The role of the artist is to use their voice to make sense of the world around them. It is a way to give feeling to a perspective. Perhaps an artistic work seeks to provide order where the artist sees disfunction or perhaps that work serves simply as a statement from the perspective of its creator. The role of jazz in the spectrum of artistic mediums is special. It is a construct where musicians create order from chaos on the spot, and develop ideas and communicate through the language and process of the blues. It is art unlike any other and is as fresh today as ever.


Jazz takes American values as well as the American experience and stylizes it into music. It conveys what it means to be young, and what it means to be an american better than any other form of art. Specifically, the music provides students with the opportunity to confront concepts such as freedom, responsibility, balance of power, and negotiating our individual role within that balance.


Secondly, the very nature of the blues is an artistic construct more inclusive than any other. The greeks developed several dramatic styles including romance, comedy, tragedy, and satyr. The blues, as a construct, can deal with all of these in a single stroke. The soloist is both the storyteller, and the heroic figure as the very form of a solo provides space for the performer to create and develop a statement that is unique to them. The blues also contains the healing power for the affliction known by the same name. While the topic of so many blues lingers on tragedy, we seldom feel bad when listening to a well played blues. The subject might be tragic, but the playing of the blues keeps that tragedy at bay and in fact releases healing power.
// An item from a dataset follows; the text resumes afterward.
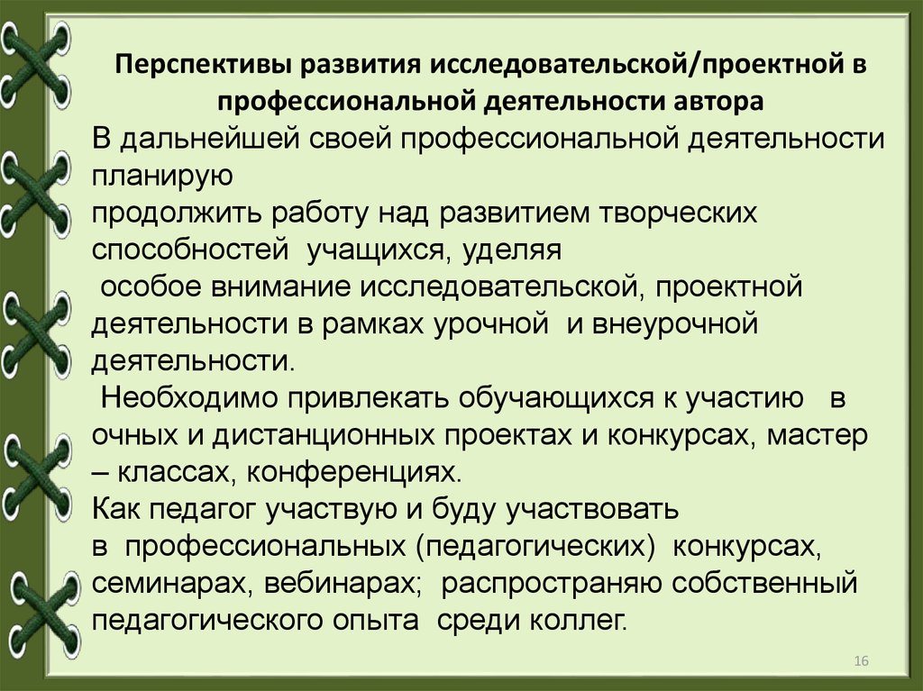 Перспективы развития исследовательской/проектной впрофессиональной деятельности автора

If the classical symphony is akin to a great novel, a jazz work is short story. Each piece contains a setting, and specific characters (the individual soloist) that has to confront a problem and come out of it victorious. These works are a snapshot of life or a dedication to a person or place. In classical music, these short descriptive works are called Tone Poems. In 1943 Ellington coined the term Tone Parallel. For each of these pieces, in a span of just 3 minutes, musical theme, solo development, and a climactic statement all become reconciled.


Today’s students are in a long line of jazz performers who specifically used the blues as an expressive device for their individual growth, or to make a collective statement. We hope that this evening’s performers will do the same for you and that this concert provides a sense of order in an otherwise chaotic world, and that the specific incantation of the blues tradition will have healing power for both performer and audience!